Given records START

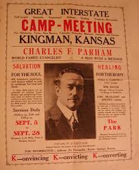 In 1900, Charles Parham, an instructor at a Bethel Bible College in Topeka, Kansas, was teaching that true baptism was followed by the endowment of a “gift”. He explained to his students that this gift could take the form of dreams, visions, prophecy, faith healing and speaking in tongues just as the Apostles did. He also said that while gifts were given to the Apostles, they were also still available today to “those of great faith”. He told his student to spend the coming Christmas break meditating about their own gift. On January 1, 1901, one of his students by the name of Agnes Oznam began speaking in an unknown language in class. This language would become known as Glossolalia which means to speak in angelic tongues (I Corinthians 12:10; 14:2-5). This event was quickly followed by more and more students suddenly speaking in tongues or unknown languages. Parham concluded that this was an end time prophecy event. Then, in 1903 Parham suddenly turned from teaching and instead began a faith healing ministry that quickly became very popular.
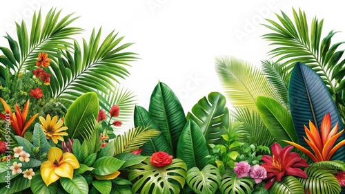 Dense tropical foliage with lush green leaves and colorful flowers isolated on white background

Given records END
Given records START

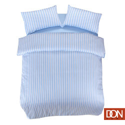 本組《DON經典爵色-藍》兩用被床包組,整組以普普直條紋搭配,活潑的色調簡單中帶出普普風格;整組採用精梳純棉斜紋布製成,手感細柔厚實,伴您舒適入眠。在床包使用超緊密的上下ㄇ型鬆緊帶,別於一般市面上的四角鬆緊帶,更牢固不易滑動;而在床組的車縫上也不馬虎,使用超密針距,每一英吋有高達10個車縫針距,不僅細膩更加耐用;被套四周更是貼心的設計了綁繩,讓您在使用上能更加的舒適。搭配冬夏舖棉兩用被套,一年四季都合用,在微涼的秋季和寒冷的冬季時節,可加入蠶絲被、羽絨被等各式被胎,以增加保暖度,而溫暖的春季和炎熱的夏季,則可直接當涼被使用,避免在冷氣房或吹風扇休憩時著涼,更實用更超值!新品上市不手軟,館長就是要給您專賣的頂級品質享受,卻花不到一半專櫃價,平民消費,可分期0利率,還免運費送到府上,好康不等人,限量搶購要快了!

Given records END

**Your task**
Look above for the line with "In 1900, Charles"; quote it and every line after it, stopping after the line with "Dense tropical foliage", exactly, with nothing added and without pictures.

**Task response**
 In 1900, Charles Parham, an instructor at a Bethel Bible College in Topeka, Kansas, was teaching that true baptism was followed by the endowment of a “gift”. He explained to his students that this gift could take the form of dreams, visions, prophecy, faith healing and speaking in tongues just as the Apostles did. He also said that while gifts were given to the Apostles, they were also still available today to “those of great faith”. He told his student to spend the coming Christmas break meditating about their own gift. On January 1, 1901, one of his students by the name of Agnes Oznam began speaking in an unknown language in class. This language would become known as Glossolalia which means to speak in angelic tongues (I Corinthians 12:10; 14:2-5). This event was quickly followed by more and more students suddenly speaking in tongues or unknown languages. Parham concluded that this was an end time prophecy event. Then, in 1903 Parham suddenly turned from teaching and instead began a faith healing ministry that quickly became very popular.
 Dense tropical foliage with lush green leaves and colorful flowers isolated on white background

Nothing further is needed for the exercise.